§ **Collected material**:
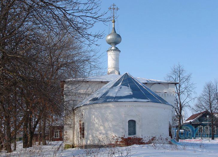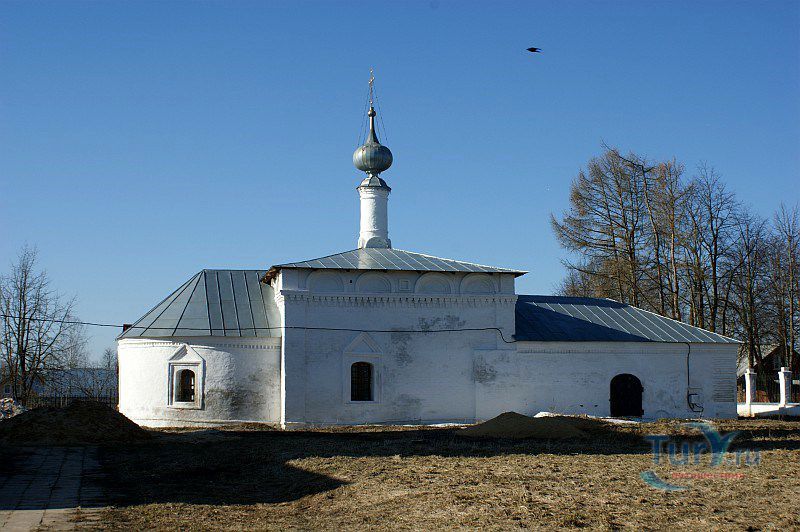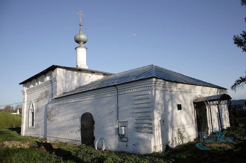 В начале XVII века на месте этой церкви существовала деревянная церковь в честь Зосимы и Савватея Соловецких, которая была заменена ныне существующей каменной. Здание церкви представляет собой куб, завершенный сомкнутым сводом, с востока оно имеет одну полукруглую абсиду, с запада - небольшую паперть, с севера - придел. На фасадах основного куба здания сохранились декоративные закомары. Эта церковь является единственной для суздальской архитектуры XVIII века, копирующей в миниатюре установившиеся к тому времени крупные одноглавые храмы.
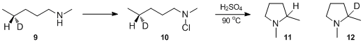 In order to determine, whether the replacement of hydrogen in the cyclization of N-haloamines proceeds with retention, inversion, or equilibration of configuration, deuterated amine 9 was synthesized. Chlorination of 9 followed by thermal decomposition of its N-chloro derivative 10 in sulfuric acid at 90 °C produced optically inactive 1,2-dimethylpyrrolidine. This experimental observation was a strong evidence in favor of intermediacy of a species with an sp2-hybridized δ-carbon.
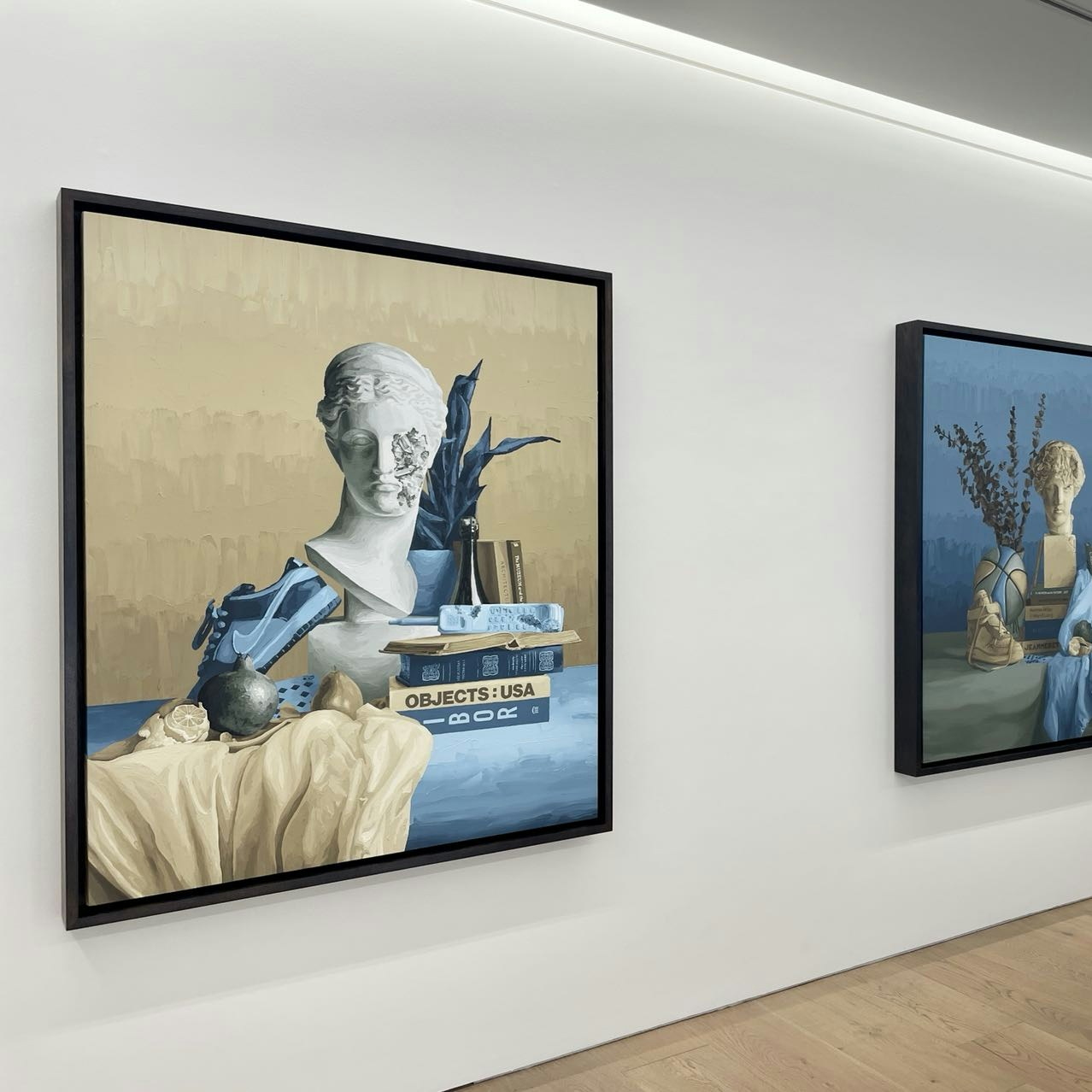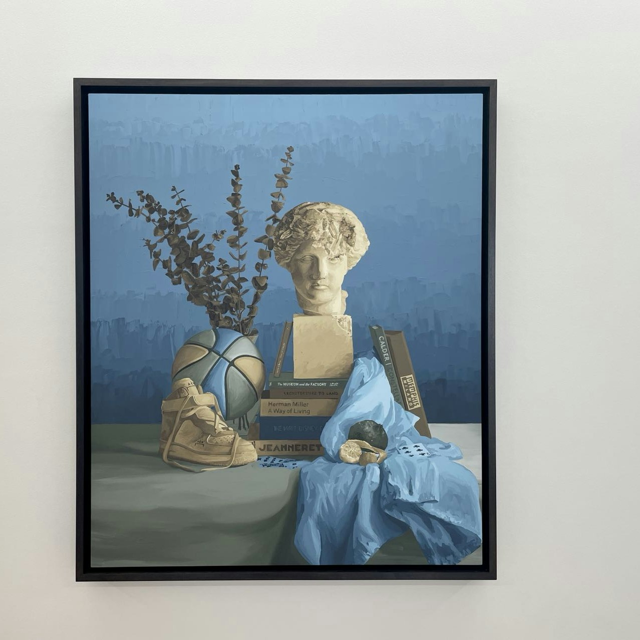 しかし、本展で発表された新作の静物画5点は、ニューヨークの絵具メーカーがアーシャムのために開発した厚みのテクスチャーのある絵具を用いて、厚塗りの技法を駆使して制作されたもの。オランダ黄金時代の静物画を思わせる画面には、アーシャム自身がつくったギリシャの神の彫刻をはじめ、スタジオにある本、スニーカー、バスケットボールなど身近なモチーフが描かれている。それぞれのモチーフは作家自身との個人的な関係性を重層的に物語っており、「現代文化や歴史について考えさせる」ものでもある。
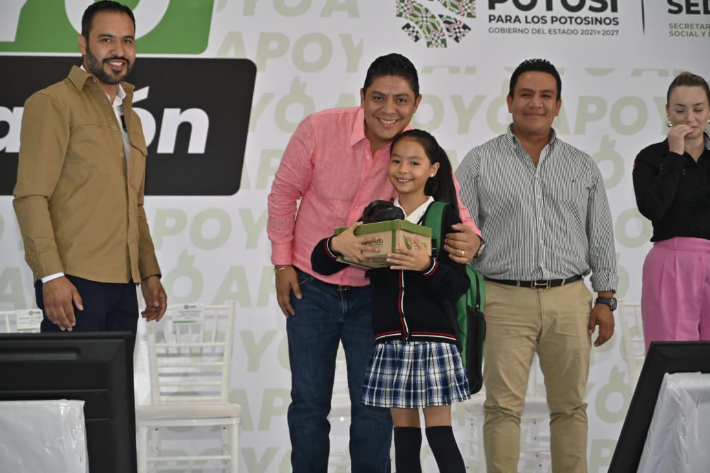 Gallardo Cardona afirmó que, este programa llegará a las comunidades más alejadas de las cuatro regiones y este año se proyecta entregar 300 mil mochilas con útiles escolares como libretas, diccionarios, juegos de geometría, lápices, calculadoras y entre otros, además de 150 mil pares zapatos, para contar con generaciones mejor preparadas acorde al crecimiento y desarrollo que vive San Luis Potosí.

§ **The problem**: Repeat the listing word for word, and skip every picture it contains.

§ **Problem solution**:
 В начале XVII века на месте этой церкви существовала деревянная церковь в честь Зосимы и Савватея Соловецких, которая была заменена ныне существующей каменной. Здание церкви представляет собой куб, завершенный сомкнутым сводом, с востока оно имеет одну полукруглую абсиду, с запада - небольшую паперть, с севера - придел. На фасадах основного куба здания сохранились декоративные закомары. Эта церковь является единственной для суздальской архитектуры XVIII века, копирующей в миниатюре установившиеся к тому времени крупные одноглавые храмы.
 In order to determine, whether the replacement of hydrogen in the cyclization of N-haloamines proceeds with retention, inversion, or equilibration of configuration, deuterated amine 9 was synthesized. Chlorination of 9 followed by thermal decomposition of its N-chloro derivative 10 in sulfuric acid at 90 °C produced optically inactive 1,2-dimethylpyrrolidine. This experimental observation was a strong evidence in favor of intermediacy of a species with an sp2-hybridized δ-carbon.
 しかし、本展で発表された新作の静物画5点は、ニューヨークの絵具メーカーがアーシャムのために開発した厚みのテクスチャーのある絵具を用いて、厚塗りの技法を駆使して制作されたもの。オランダ黄金時代の静物画を思わせる画面には、アーシャム自身がつくったギリシャの神の彫刻をはじめ、スタジオにある本、スニーカー、バスケットボールなど身近なモチーフが描かれている。それぞれのモチーフは作家自身との個人的な関係性を重層的に物語っており、「現代文化や歴史について考えさせる」ものでもある。
 Gallardo Cardona afirmó que, este programa llegará a las comunidades más alejadas de las cuatro regiones y este año se proyecta entregar 300 mil mochilas con útiles escolares como libretas, diccionarios, juegos de geometría, lápices, calculadoras y entre otros, además de 150 mil pares zapatos, para contar con generaciones mejor preparadas acorde al crecimiento y desarrollo que vive San Luis Potosí.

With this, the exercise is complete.